2) Open up the skies. "Hi, I'm Stephen Harper - we have a big country, and we'd like as many people as possible to see as much of it as possible. We're going to stop pandering to the few thousand people employed by Air Canada in order to allow millions of Canadians the opportunity to travel around more affordably." Of course, this would cost them the votes of all those people who like higher airfares and fewer route choices.

3) Shrink the CRTC by a factor of 10. "Hi, I'm Stephen Harper. My government will continue to support the creation of Canadian programming, but will stop forcing Canadians to watch it if they don't want to. We don't do it with books, we don't do it with movies, and from now on, we're not going to do it with TV." My last two (lower-middle class) neighbourhoods were overrun with legal and illegal satellite dishes. People like choice. I can't be more clear - this policy would be a winner.

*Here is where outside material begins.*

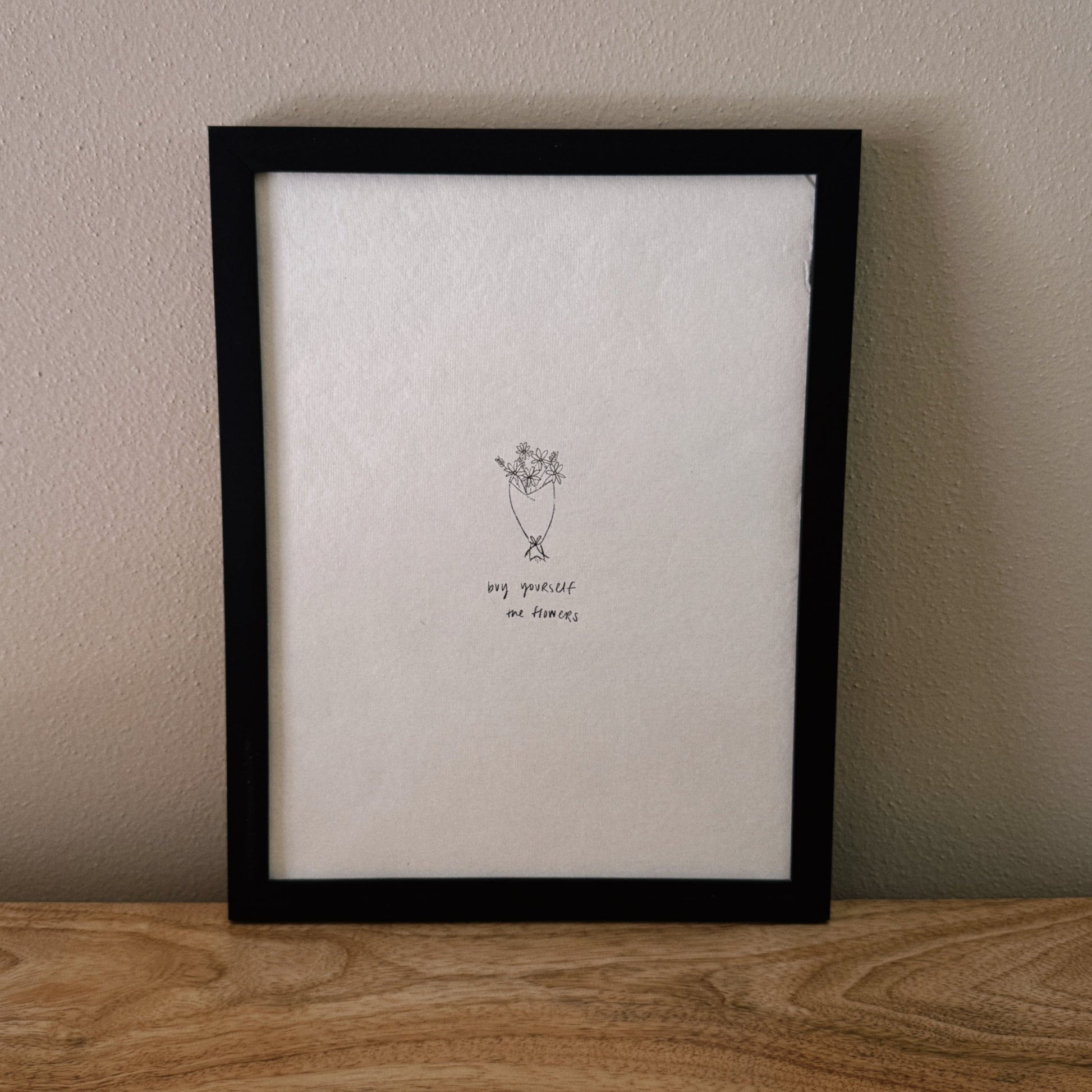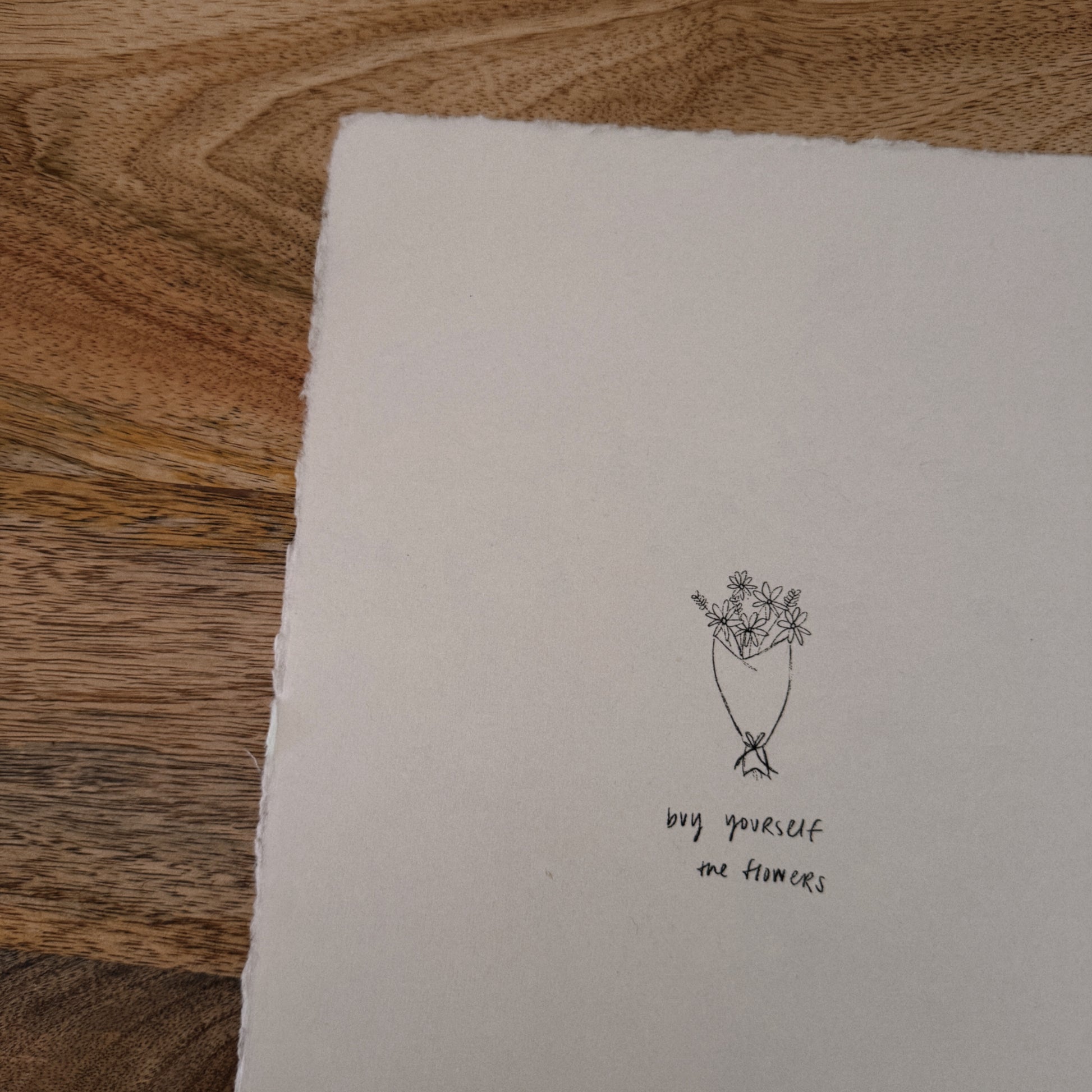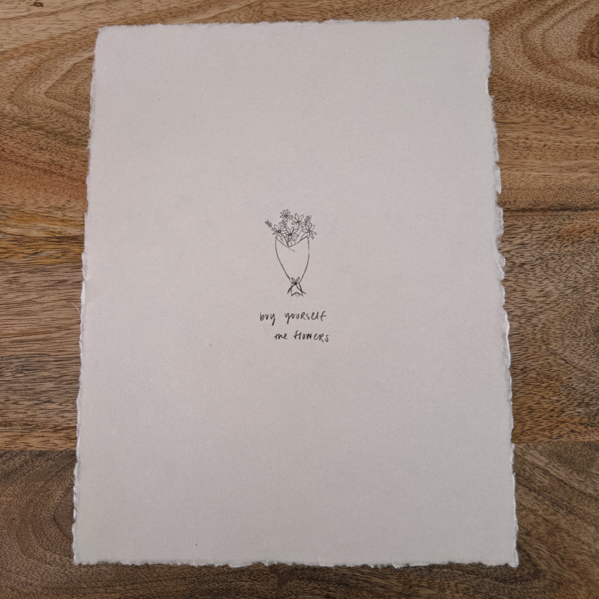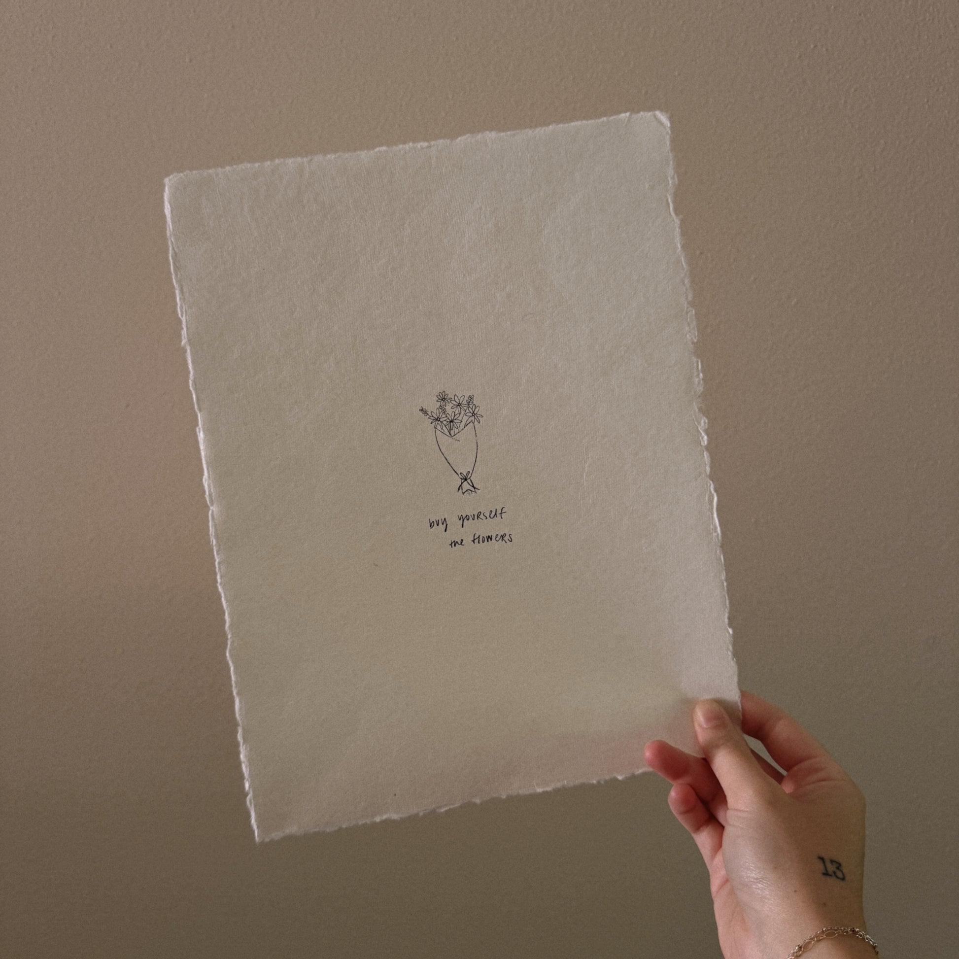 Print of an original digital sketch on white, handmade deckle-edged paper. Each piece is unique, with slight variations in color and texture due to the handmade nature of the paper. Frame not included.

4) Just generally portray themselves as believers in slightly less intrusive government. You know, like "We don't like other people telling us what not to eat, so we figure most Canadians feel the same way." Or (and I'm sure there's a more elegant way of putting this), "We fail to see why forcing people to vote who would otherwise choose not to is a compelling objective."

Back to the original issue - I won't be putting up the Blogging for Tories button. I'm not trying to claim neutrality - I have a CPC membership, and there's probably a 90% chance I'll vote for them in the next election. But presently, I refuse to actively support them while they work so hard to appeal to some less-than-1 fraction of the people who voted for them last time. I've decided I fancy myself more of a wonk than a hack, and simply, I want the CPC to keep me and my ilk in the back of their minds, with this caution: this party was obliterated once before because we stood for nothing. It could happen again.

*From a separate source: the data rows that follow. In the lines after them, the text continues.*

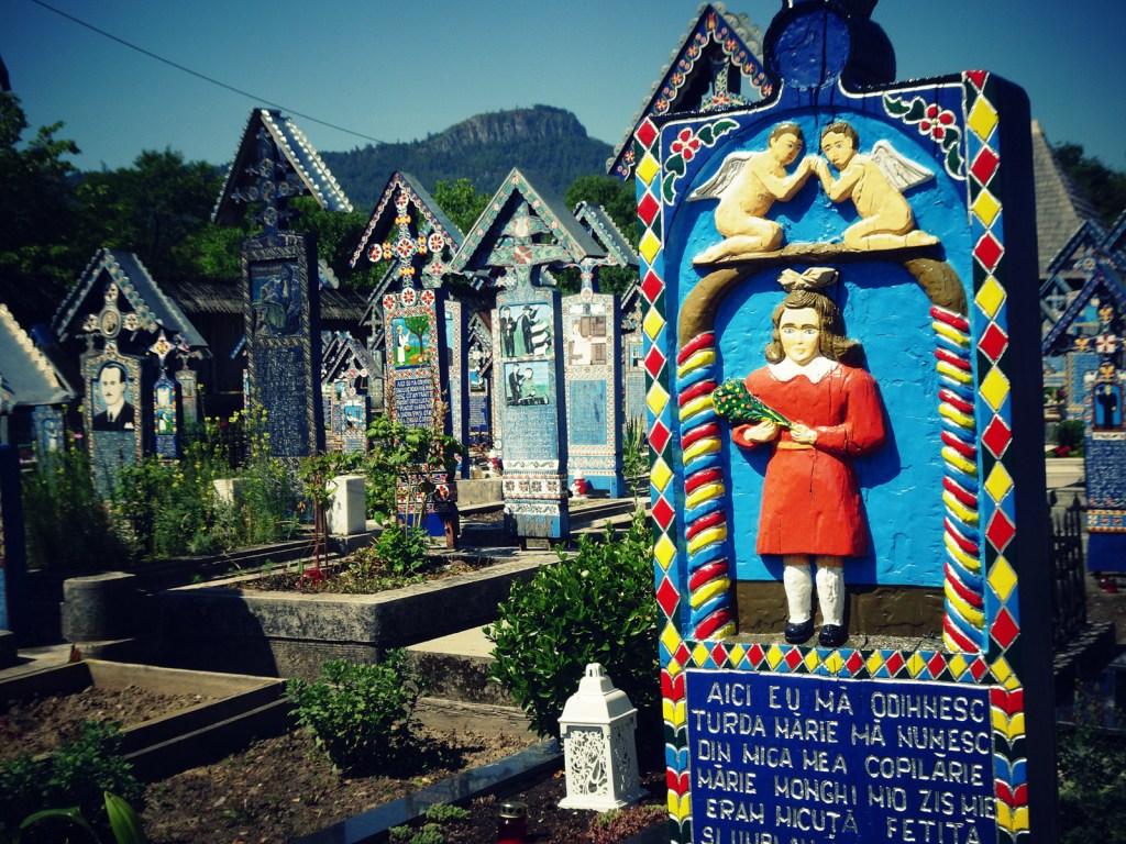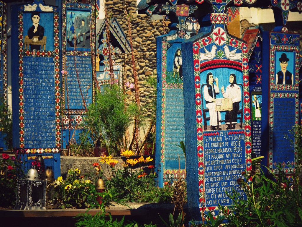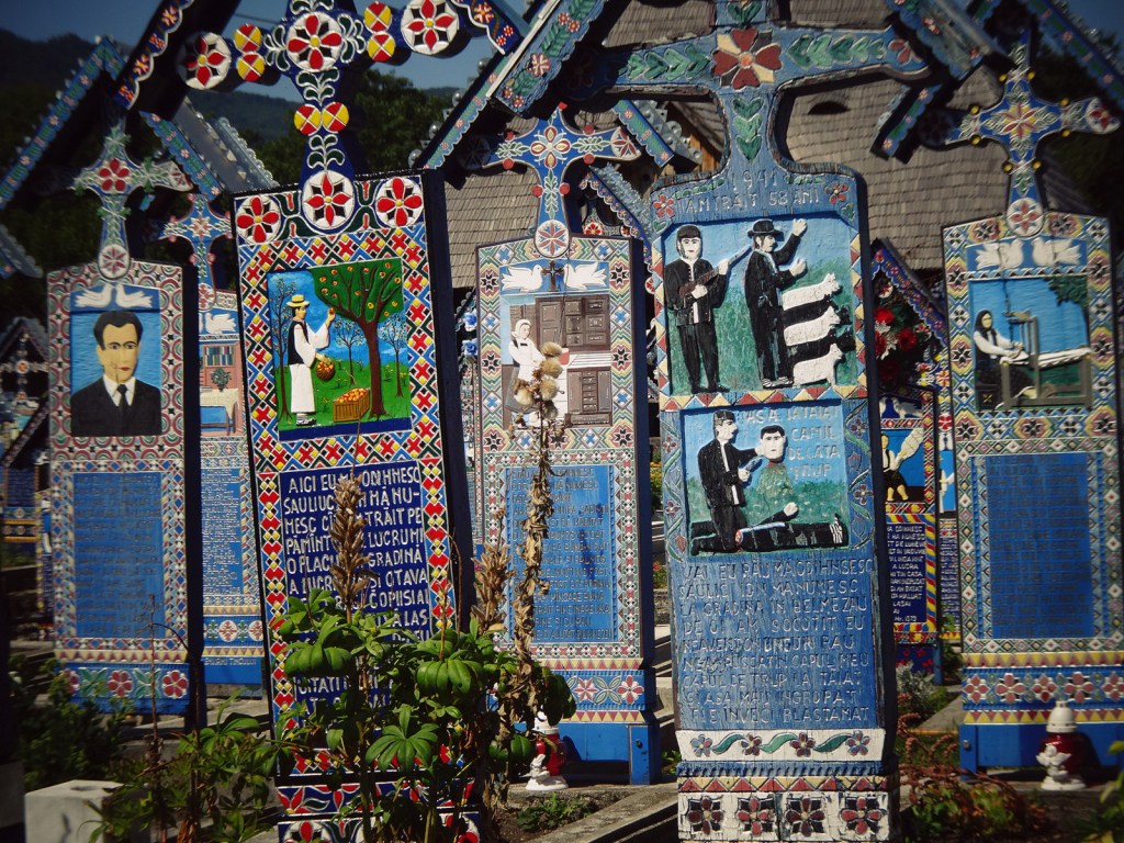 Dieser Friedhof ist deshalb so bekannt, weil hier jede(r) Verstorbene eine Holztafel mit einem persönlichen Bild und einem meist amüsanten Gedicht über sein/ihr Leben erhält.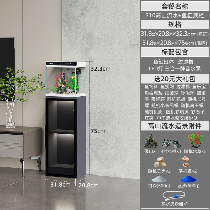 • 800 스마트 이탈리안 어항 + 그레이 캐비닛 + 산과 흐르는 물 선물 패키지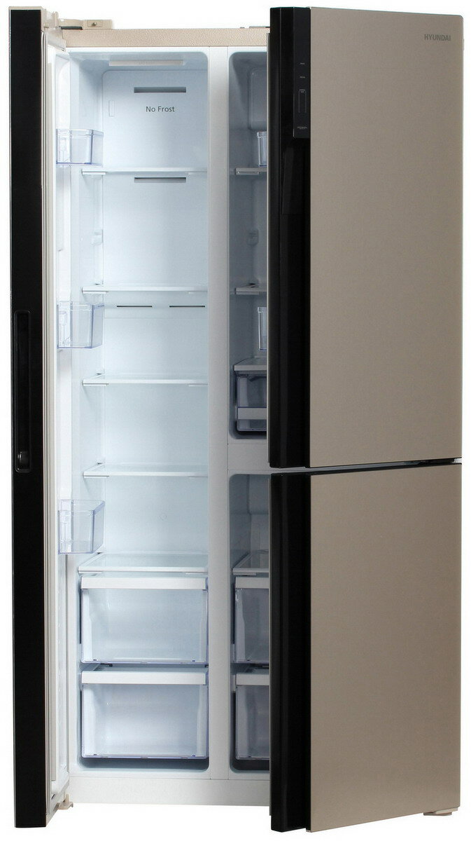 Холодильник двухкамерный Side by Side HYUNDAI CS6073FV, NoFrost Инвертор, Объем 619 л, Класс A+, управление Сенсорное с Дисплеем, Уровень шума 42 дБ, LED освещение Шампань стекло

The infamous Robert/Rubert is hosting the 2004 Canadian Weblog Awards. As noted previously, I've been nominated for Best Non-Political Weblog. My Slithering Reptile status is assurance that I will finish somewhere in the single-digits, so I won't be shilling for support, but I would like to lend my own support to a few other nominees:
  • as Best Blog. There are a lot of great Canadian blogs, but nevertheless, this is a no-brainer. Frankly, it's also the Best Non-Political Blog, but it's not nominated (scroll through it while ignoring his paid work as a columnist - it's really pretty light on politics).
  • Inkless Wells as Most Humourous Blog, narrowly ahead of Jardine. A wit like Wells ought to be acknowledged.
  • PolSpy as Best Blog Design - again, this is really no contest, they earn it on the strength of PET's middle finger alone.
  • Babbling Brooks as both Best Conservative Blog and Best New Blog. His right-winginess is principled but not reflexive, and as such, he's almost always right. (Almost.)

On the topic of the Almost (i.e. tsunami relief), I noted in the Babbler's comments that I find his stance counter-productive, but I certainly understand where he's coming from. What I find specifically irksome is the requests that don't merely ask for contributions, but presume to tell me (or whoever) what I shouldn't be spending money on, in order to redirect my resources to tsunami relief. Rex Hammock notesInstapundit) that Mark Cuban is suggesting the inauguration be cancelled and the funds redirected to relief. This is simply a road we do not want to travel down. Apart from the absurdity of the logical extension of this type of argument (let's just shut down our economy and send all our money to the Red Cross!), it's called charity, and it's virtuous precisely because it's not coerced.

Of course, if you think our society would be improved if you got the stink-eye from a fundraiser every time you walked into a 7-11 to buy something you didn't exactly need, then feel free to disagree with me.